• [Supplied material]
[Start of section]
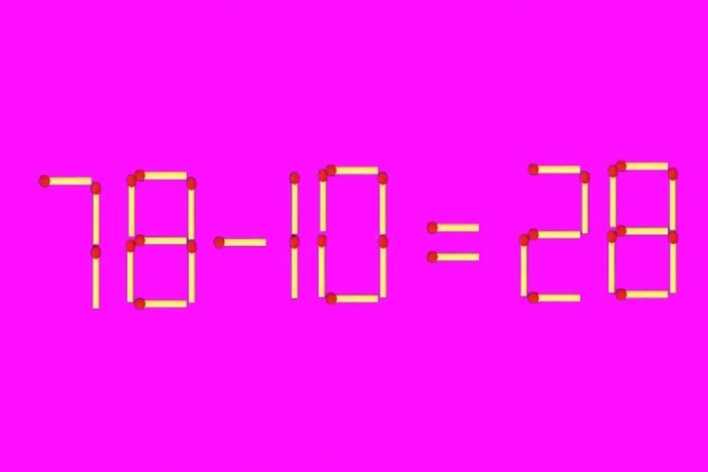 Давайте разбираться. Снимите горизонтальную перекладину с семерки в числе «78», она легко превращается в единицу. Тогда получается «18». А теперь самое интересное: минус тоже можно исправить, если добавить эту спичку. И вуаля — у нас выходит «18 + 10 = 28». Идеально! Никто и не сомневался.
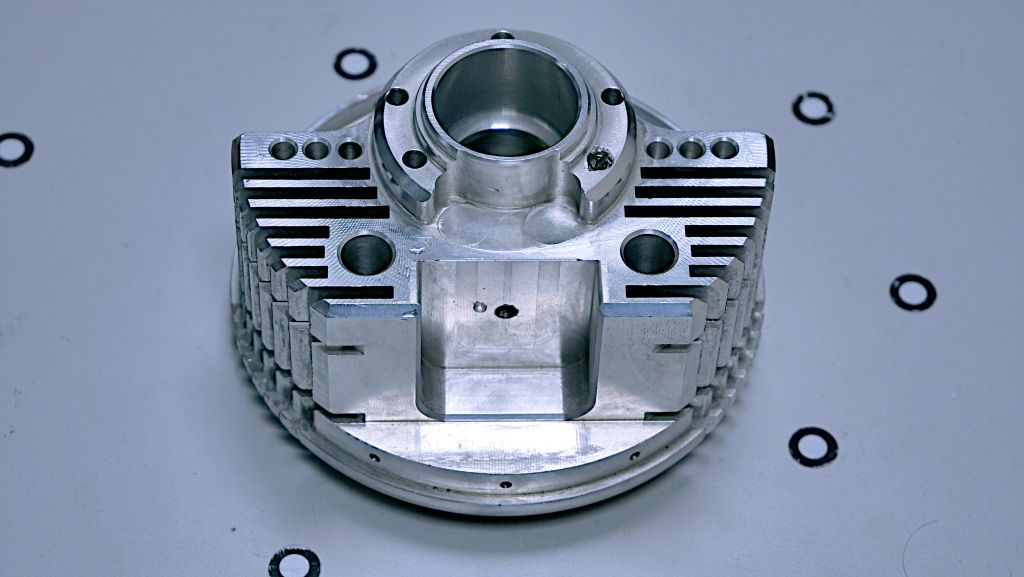 Naskenovaný hliníkový díl o rozměrech cca 130x130x90 mm. Díl byl skenován bez zmatňování povrchu. Základní rozlišení polygonové sítě je 0,2 mm na hranu trojúhelníků. Použita funkce „Smart resolution“ – v místech s vyšší křivostí je rozlišení polygonové sítě automaticky počítáno na polovinu základního rozlišení, tedy 0,1 mm.
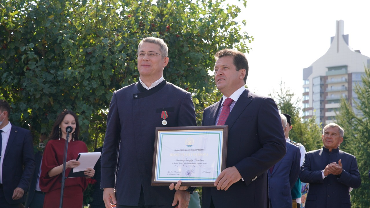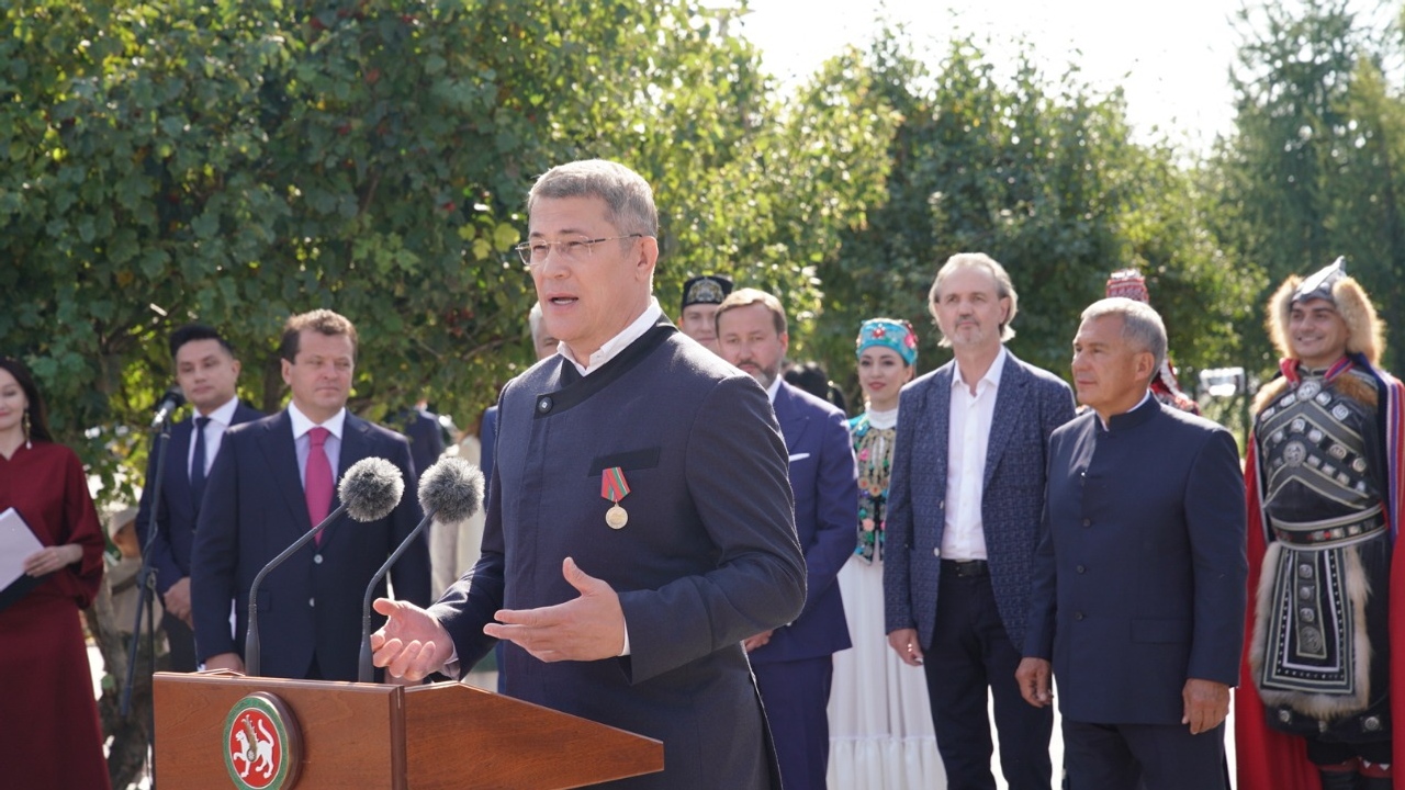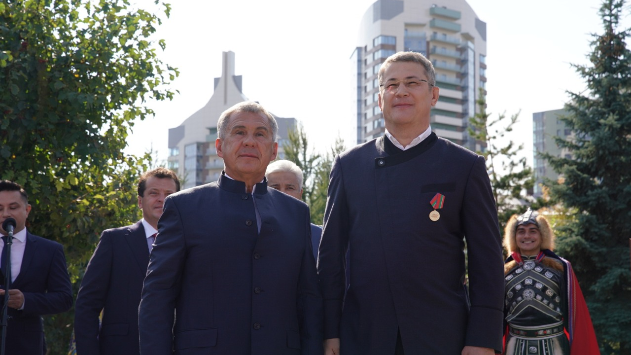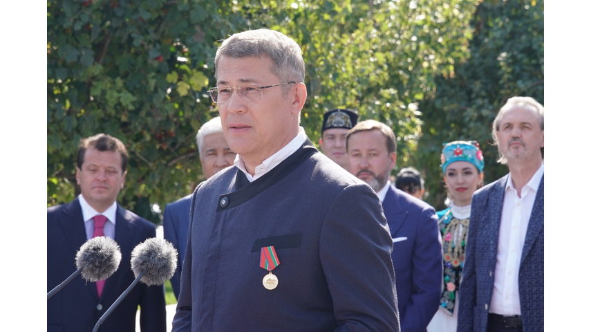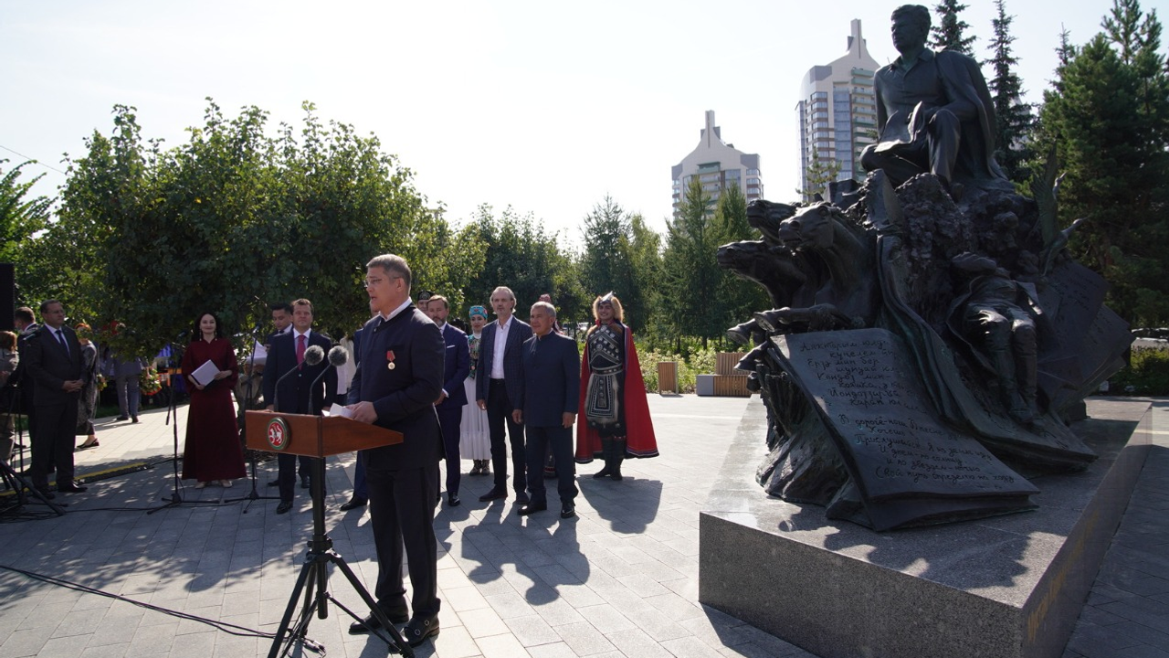 «В прошлом году, в год столетия Башкортостана, мы открывали памятник Габдулле Тукаю в Уфе. В этом году, уже Татарстану исполняется 100 лет, и сегодня вновь радостное событие для наших народов, мы открываем памятник Мустаю Кариму — классику Башкирской литературы, поэту, драматургу, публицисту, участнику Великой Отечественной войны, общественному деятелю, имя которого золотыми буквами вписано в историю российской и мировой литературы. Произведения Мустая Карима всегда отличали глубокий смысл, искренность, красота и богатство языка, национальный башкирский колорит», — подчеркнул, приветствуя гостей церемонии, президент Татарстана Рустам Минниханов.Рустам Минниханов наградил Радия Хабирова медалью к 100-летию образования ТАССР за вклад в укрепление отношений двух республик.
[End of section]
• [What you will do]
Reproduce the data above line for line, excluding every picture.

• [Reply to the exercise]
 Давайте разбираться. Снимите горизонтальную перекладину с семерки в числе «78», она легко превращается в единицу. Тогда получается «18». А теперь самое интересное: минус тоже можно исправить, если добавить эту спичку. И вуаля — у нас выходит «18 + 10 = 28». Идеально! Никто и не сомневался.
 Naskenovaný hliníkový díl o rozměrech cca 130x130x90 mm. Díl byl skenován bez zmatňování povrchu. Základní rozlišení polygonové sítě je 0,2 mm na hranu trojúhelníků. Použita funkce „Smart resolution“ – v místech s vyšší křivostí je rozlišení polygonové sítě automaticky počítáno na polovinu základního rozlišení, tedy 0,1 mm.
 «В прошлом году, в год столетия Башкортостана, мы открывали памятник Габдулле Тукаю в Уфе. В этом году, уже Татарстану исполняется 100 лет, и сегодня вновь радостное событие для наших народов, мы открываем памятник Мустаю Кариму — классику Башкирской литературы, поэту, драматургу, публицисту, участнику Великой Отечественной войны, общественному деятелю, имя которого золотыми буквами вписано в историю российской и мировой литературы. Произведения Мустая Карима всегда отличали глубокий смысл, искренность, красота и богатство языка, национальный башкирский колорит», — подчеркнул, приветствуя гостей церемонии, президент Татарстана Рустам Минниханов.Рустам Минниханов наградил Радия Хабирова медалью к 100-летию образования ТАССР за вклад в укрепление отношений двух республик.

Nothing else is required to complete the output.